Further, if you apply extreme amounts of compression, distortion occurs, which may lead to listening fatigue for you as well as your audience. Of course, the amount of compression that you can use in order to fit a certain music genre can vary, but just stay aware of how it affects your music and act accordingly.

It is also very important that you always listen to your own mastering project and your reference library at the same loudness level when you compare them. There is no doubt that while a heavily compressed song – dynamically speaking – may sound more impactful at first, you will sacrifice detail and nuance.

Finally, keep in mind that the current trend in music streaming is a target loudness of approximately -16 LUFS (also see tip 5 and 10), so if you deliver a significantly louder song, it will get turned down automatically if the listener chooses to apply the ‘normalization’ feature such as ‘SoundCheck’ or ‘Same Level’ that aligns the loudness of the songs in the library. And if that happens, your very loud song may well end up sounding much less impressive than the competition!

SDC Meter in Finalizer

10: Trust Your Ears. But Consult Your Eyes

Metering your audio signal is an important part of mastering. Your ears may not detect the onset of clipping or be able to tell you precisely how much gain you can add before you reach 0 dBFS. Without metering, you may be unaware of when the compressors/limiters kick in or how a certain EQ-shelve affects the overall loudness.

In short: You should always trust your ears – but if you’re not paying attention to what the meters are telling you, you do risk making mistakes. And related to that, to give your ears a fighting chance make sure to take a short break every now and then. But the visual feedback you can get from a loudness meter or spectral analyzer is a great supplement. Most professionals use them, and if you’re relatively new to mastering, it is definitely a crucial tool. (Advanced spectral analysis will be the topic of a future article…)


We’ll get into a full description of loudness meters in another article. For now, you have to know about the LUFS metering scale, the three common timescales used in determining loudness and True Peak.

LUFS stands for ‘Loudness Units Full Scale’. The scale doesn’t measure sound as a dB meter or a VU meter would. Rather, it accounts for how the human ear (and brain) perceives the loudness of a track. That’s also why there is only one loudness value or level, instead of one per channel.

There are three standard ways of measuring loudness:

  • Momentary loudness (that read 400 ms of signal when determining a value)
  • Short-Term loudness (3 seconds of signal)
  • Long-Term/Integrated Loudness or Program Loudness (that calculates an overall loudness of the entire song)

Please note that the recommended loudness target of -16 LUFS for most streaming services is

measured as Integrated loudness – across the full duration of the song.

True Peak

Often, there can be small peaks of sound in-between digital samples that go undetected in digital tools. Where traditional peak meters and conventional peak limiters fail to read those true peaks of sound, a True Peak meter will provide the mastering engineer with the actual reading.

Without a True Peak meter and True-Peak Limiter especially, a mastered track could go into digital clipping when converted to a lossy format like MP3 or OGG Vorbis or when being Digital-Analog converted in playback systems.

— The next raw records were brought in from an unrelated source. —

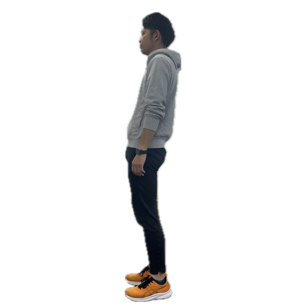 この姿勢だと後方重心になり、かかとに体重がかかりやすくなります。
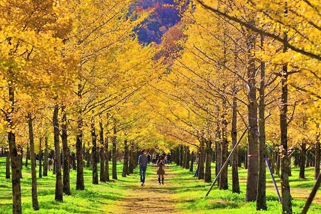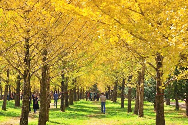 올해 노랗게 물든 가을 산책로를 거닐고 싶다면, 홍천 은행나무 숲을 10월에 찾아가 보길 추천한다.
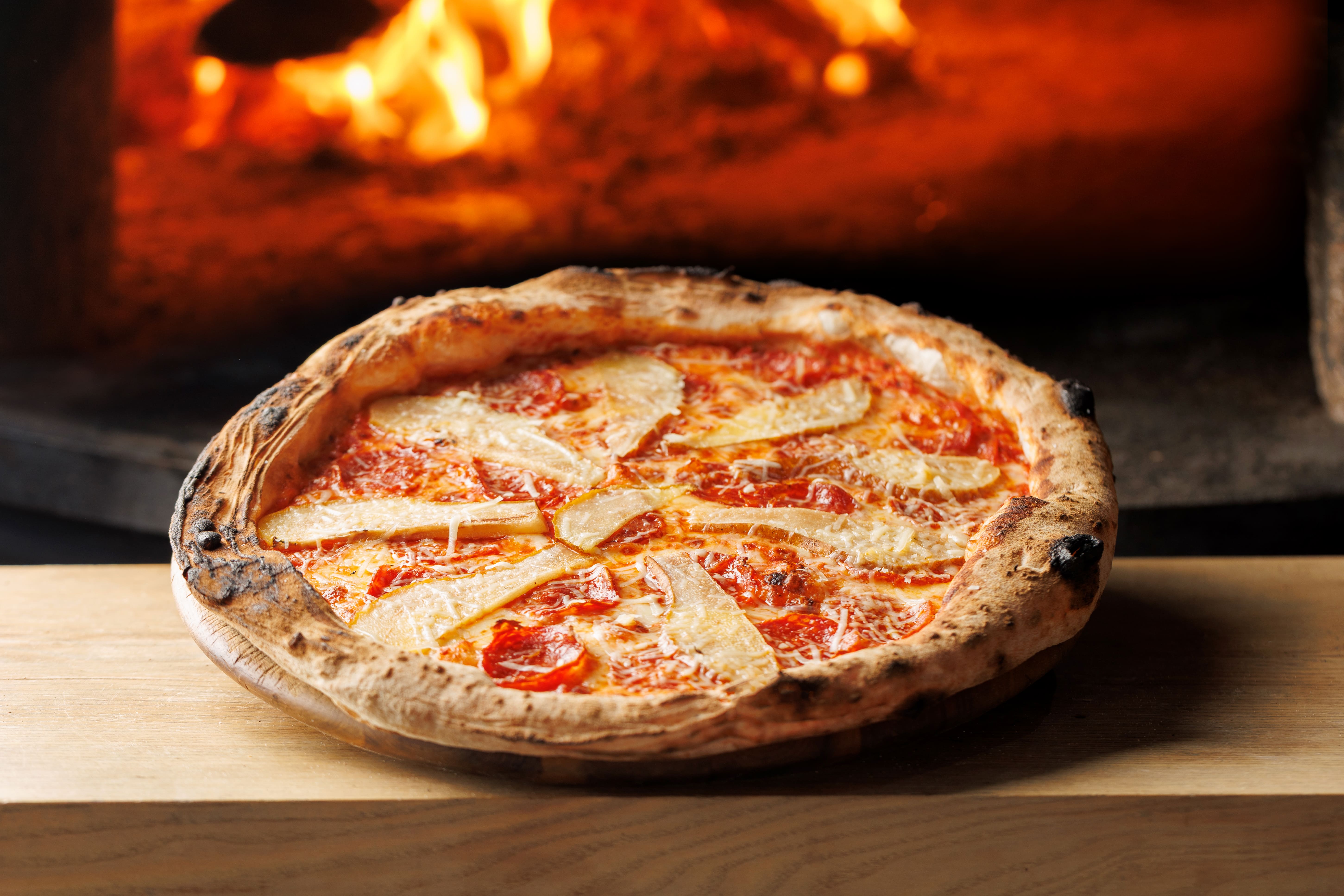 Mozzarella, sos marinara,salam picant,pere,parmezan
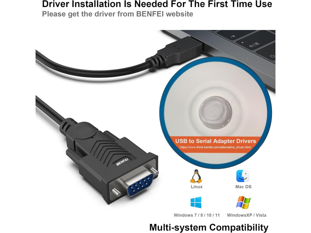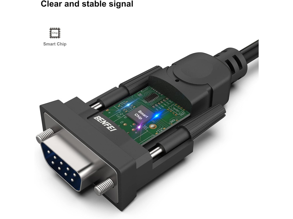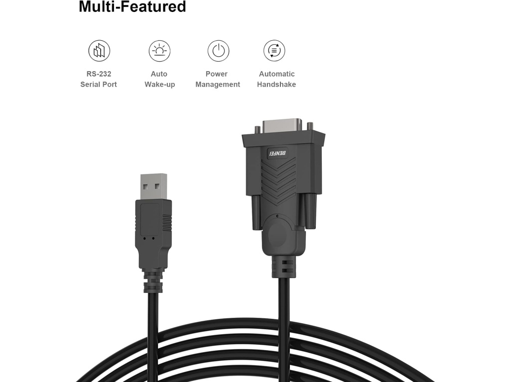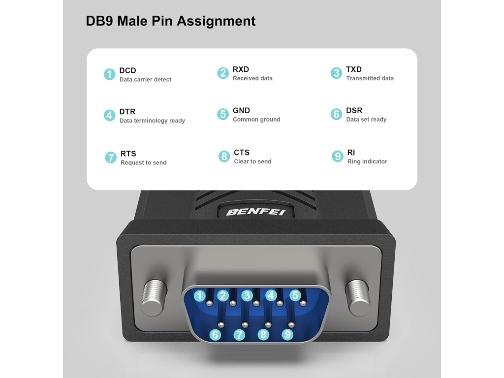 BENFEI USB na sériový RS-232 adaptér (samec, 9-pin, 1,8 m) je praktickým a spolehlivým řešením pro připojení zařízení se sériovým portem k moderním počítačům. Díky kvalitnímu chipsetu, široké kompatibilitě a robustní konstrukci je ideální pro profesionální i běžné použití.
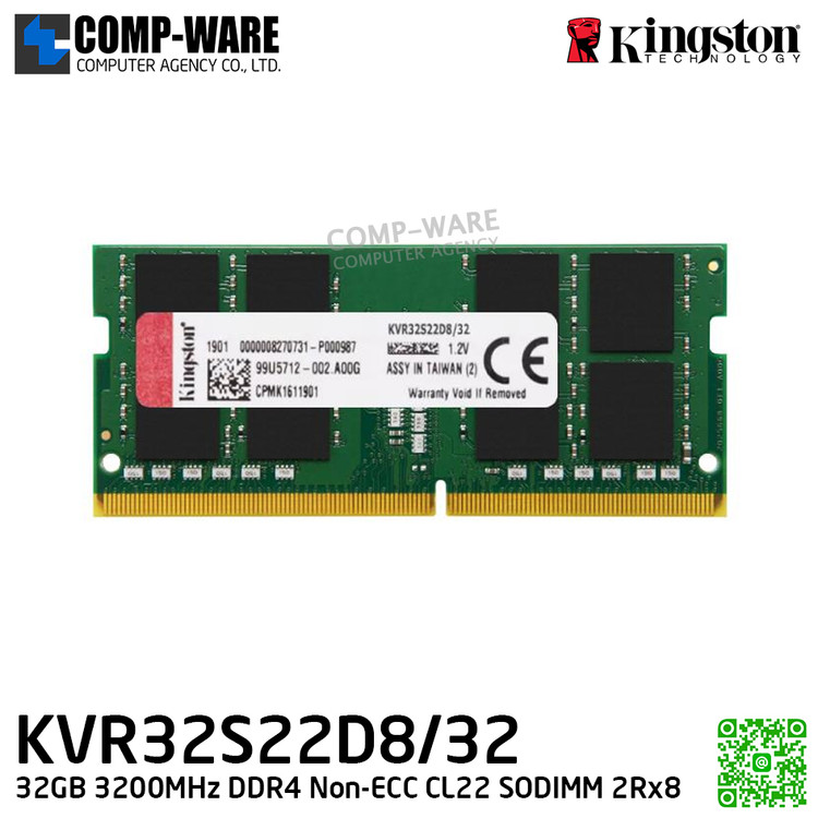 Kingston KVR32S22D8/32 32GB 3200MHz DDR4 Non-ECC CL22 SODIMM 2Rx8 - Lifetime Warranty - Memory Module - RAM
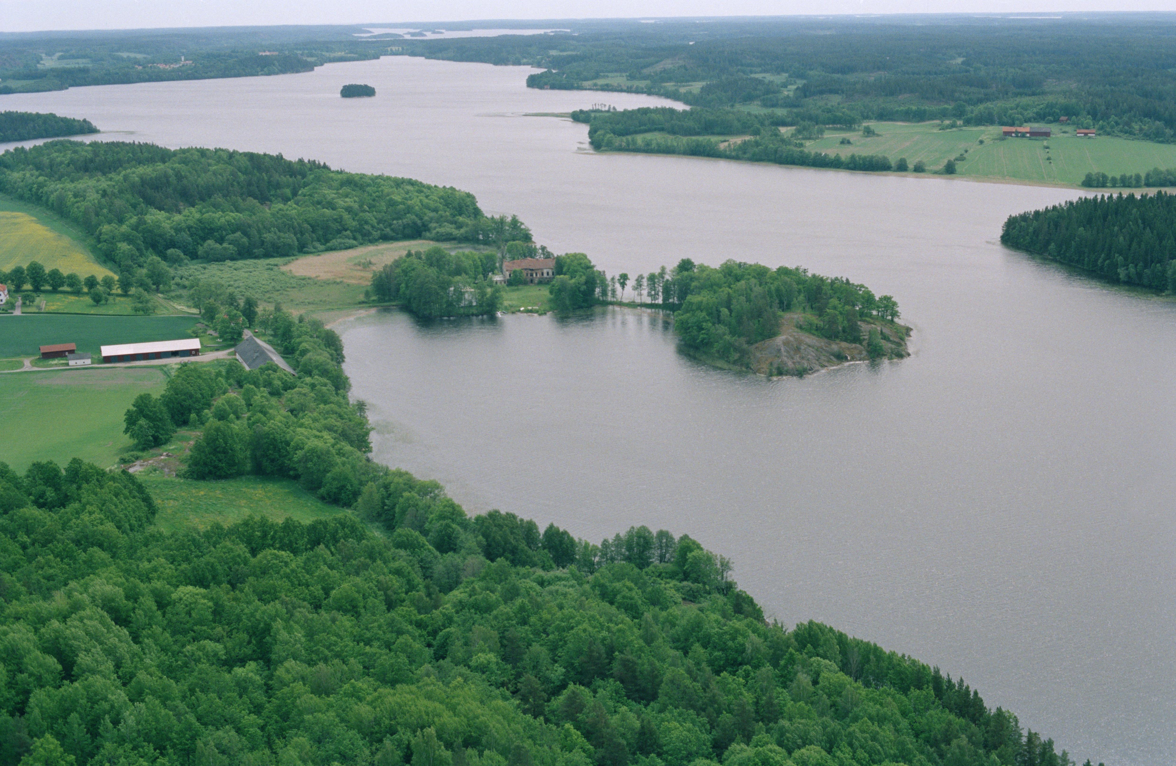 Beskrivning: Vinäs herrgård vid Storsjön, byggd på slottsruin Vinäs slott RAÄnr Västra Ed 191:1. På Slottsholmen bredvid lämningar efter borg Västra Ed 201:1. Bilden är tagen mot (väderstreck): SO
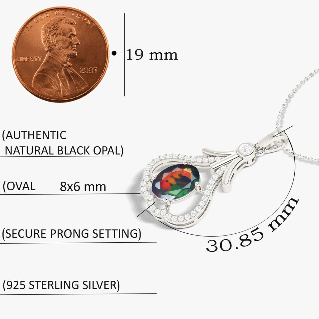 Black OpalGOODSTONE JEWELS Tear Drop Pendant Necklace, this exquisite piece features a natural 8x6 mm black opal (1.0 carat) set in 925 sterling silver, offering a unique blend of luxury and everyday wearability. Crafted with precision, the pendant boasts a graceful teardrop shape and measures 30.85 x 15.70 mm. The high-polish finish enhances the beauty of the opal, making it a stunning statement piece for any outfit or occasion. Whether it's for a birthday, anniversary, Mother’s Day, or a “just because” moment, this necklace is a thoughtful gift that speaks volumes. It comes in a stylish gift box, ready to delight your loved one. Made with hypoallergenic 925 sterling silver, this necklace is gentle on sensitive skin while providing durability and shine that lasts.
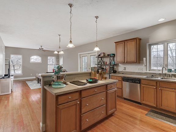 Welcome to this spacious 4-bedroom, 2.5-bathroom home with an office on the main floor, sitting on two lots totaling 1 acre on the outer edge of Heartland Hills. Enjoy the perfect blend of country living with modern conveniences. No well or septic needed! This energy-efficient home features geothermal HVAC, keeping utility costs low. The full basement includes a rough-in for an additional bathroom and an egress window, with two rooms started for the next owner to finish if desired, making it easy to add a 5th bedroom. Step outside to enjoy mature trees, a fire pit, and stunning sunsets from your front porch. With no subdivision covenants, you have the freedom to make this property your own!
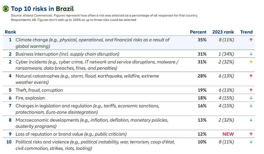 Um dos maiores movimentos na pesquisa deste ano é o de mudanças climáticas. Em um sinal de que as empresas estão sentindo o impacto de eventos climáticos extremos, ele ocupa a 3ª posição, subindo três posições em relação ao ano anterior. O ano de 2023 foi novamente de recordes em vários aspectos. Foi o ano mais quente desde o início dos registros, segundo a Organização Meteorológica Mundial, enquanto as perdas seguradas, em 2023, no mundo, superaram US$100 bilhões pelo quarto ano consecutivo. As perdas por tempestades severas atingiram uma nova alta histórica de US$60 bilhões, em âmbito global. A quebra de recordes climáticos, em 2023, incluiu temperaturas da superfície do mar, aumento do nível do mar e baixa cobertura de gelo marinho na Antártica. As mudanças climáticas (18%) apesar de não terem se movido ano após ano no Allianz Risk Barometer, permanecendo em 7º, são refletidas no aumento do risco das catástrofes naturais no ranking. É considerado prioridade para grandes empresas (ocupando o 4º lugar, sua posição mais alta até então), sendo o principal risco no Brasil e na Turquia, e subindo ano após ano em muitos países, como França, Alemanha, Itália, Nigéria, Cingapura, Espanha, Reino Unido e Estados Unidos.

This can happen, even if no distortion is heard when monitoring the final master.

Finally, we recommend that you use a loudness meter in two ways. First, as a real-time measure that shows you what is happening here and now, and secondly, run a integrated loudness measurement once in a while to keep updated on how your recent tweaks affect the overall long-term loudness. Certain mastering tools can help optimize/automate this process (more about that later).

Read more about the topic in this article… [insert link]


Finally, apart from a loudness meter, other important visual-feedback tools include Spectral Analyzers, Mid/Side and gain-reduction meters.

Well, we hope that these 10 things to know about mastering will help you get off to a great start as being your own mastering engineer. Or if you are already there, that you may have discovered one or two new aspects that will help you achieve even better mastering results in the future!